What the exercise asks:
Your output should be the lines from the one containing "Les deux forts" through the end of the listing, exact and inclusive, with no pictures.

Given information:
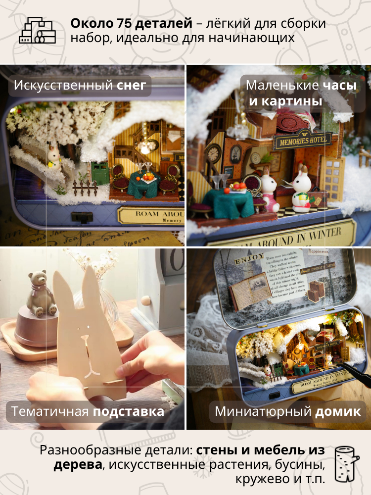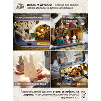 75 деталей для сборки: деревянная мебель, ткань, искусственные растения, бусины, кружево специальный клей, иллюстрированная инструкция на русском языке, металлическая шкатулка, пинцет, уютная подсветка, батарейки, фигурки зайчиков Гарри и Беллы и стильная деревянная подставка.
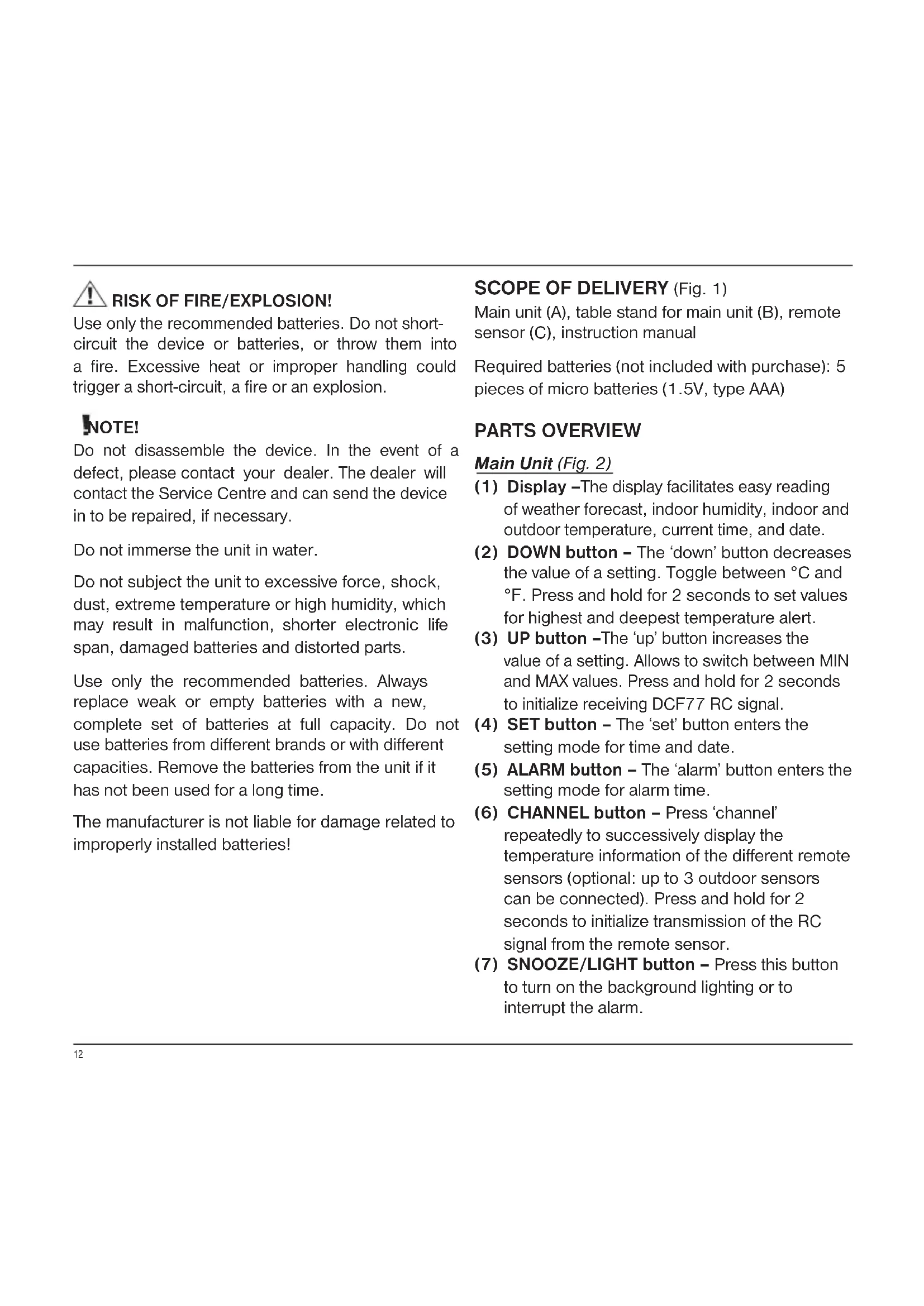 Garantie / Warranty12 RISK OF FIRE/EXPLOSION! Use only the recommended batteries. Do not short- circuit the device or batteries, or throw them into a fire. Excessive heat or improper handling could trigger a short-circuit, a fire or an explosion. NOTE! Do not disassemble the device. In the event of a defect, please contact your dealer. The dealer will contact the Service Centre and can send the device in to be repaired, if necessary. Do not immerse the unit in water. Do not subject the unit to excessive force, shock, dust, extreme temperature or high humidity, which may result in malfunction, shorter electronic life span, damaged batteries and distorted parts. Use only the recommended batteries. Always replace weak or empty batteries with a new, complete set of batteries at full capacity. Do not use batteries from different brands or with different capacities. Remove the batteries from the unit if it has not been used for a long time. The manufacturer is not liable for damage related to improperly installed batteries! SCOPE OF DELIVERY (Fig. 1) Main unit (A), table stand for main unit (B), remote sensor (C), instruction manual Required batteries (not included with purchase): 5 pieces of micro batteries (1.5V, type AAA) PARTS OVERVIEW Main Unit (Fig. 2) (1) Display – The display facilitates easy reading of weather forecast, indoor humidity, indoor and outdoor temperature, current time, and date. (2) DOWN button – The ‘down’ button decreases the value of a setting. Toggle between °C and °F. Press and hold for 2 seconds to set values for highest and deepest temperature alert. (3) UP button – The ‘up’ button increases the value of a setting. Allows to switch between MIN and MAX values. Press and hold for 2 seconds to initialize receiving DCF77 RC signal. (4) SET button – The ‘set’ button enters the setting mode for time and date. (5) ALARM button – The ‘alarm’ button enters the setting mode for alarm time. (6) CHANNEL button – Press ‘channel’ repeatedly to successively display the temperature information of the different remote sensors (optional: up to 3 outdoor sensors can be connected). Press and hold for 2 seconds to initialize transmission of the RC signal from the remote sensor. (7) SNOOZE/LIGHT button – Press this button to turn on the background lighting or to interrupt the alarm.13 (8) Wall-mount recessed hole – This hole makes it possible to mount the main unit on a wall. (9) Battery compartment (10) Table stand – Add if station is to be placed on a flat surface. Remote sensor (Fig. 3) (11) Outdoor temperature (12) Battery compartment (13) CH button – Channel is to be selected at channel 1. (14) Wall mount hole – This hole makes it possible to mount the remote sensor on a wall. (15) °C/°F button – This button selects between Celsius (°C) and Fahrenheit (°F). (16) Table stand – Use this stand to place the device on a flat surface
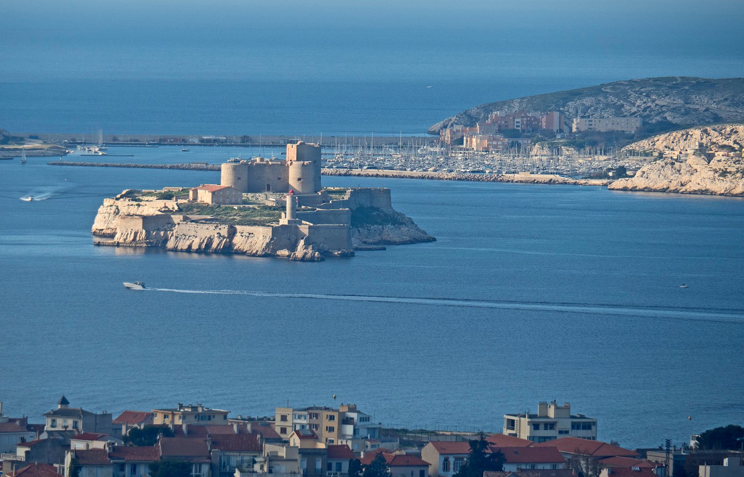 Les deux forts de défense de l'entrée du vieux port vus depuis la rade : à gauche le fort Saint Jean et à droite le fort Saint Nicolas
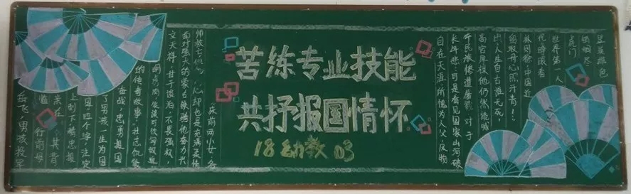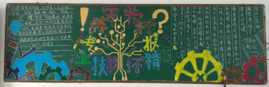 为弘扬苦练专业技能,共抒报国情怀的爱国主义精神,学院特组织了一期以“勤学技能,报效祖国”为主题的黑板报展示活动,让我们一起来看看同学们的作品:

Output below:
 Les deux forts de défense de l'entrée du vieux port vus depuis la rade : à gauche le fort Saint Jean et à droite le fort Saint Nicolas
 为弘扬苦练专业技能,共抒报国情怀的爱国主义精神,学院特组织了一期以“勤学技能,报效祖国”为主题的黑板报展示活动,让我们一起来看看同学们的作品:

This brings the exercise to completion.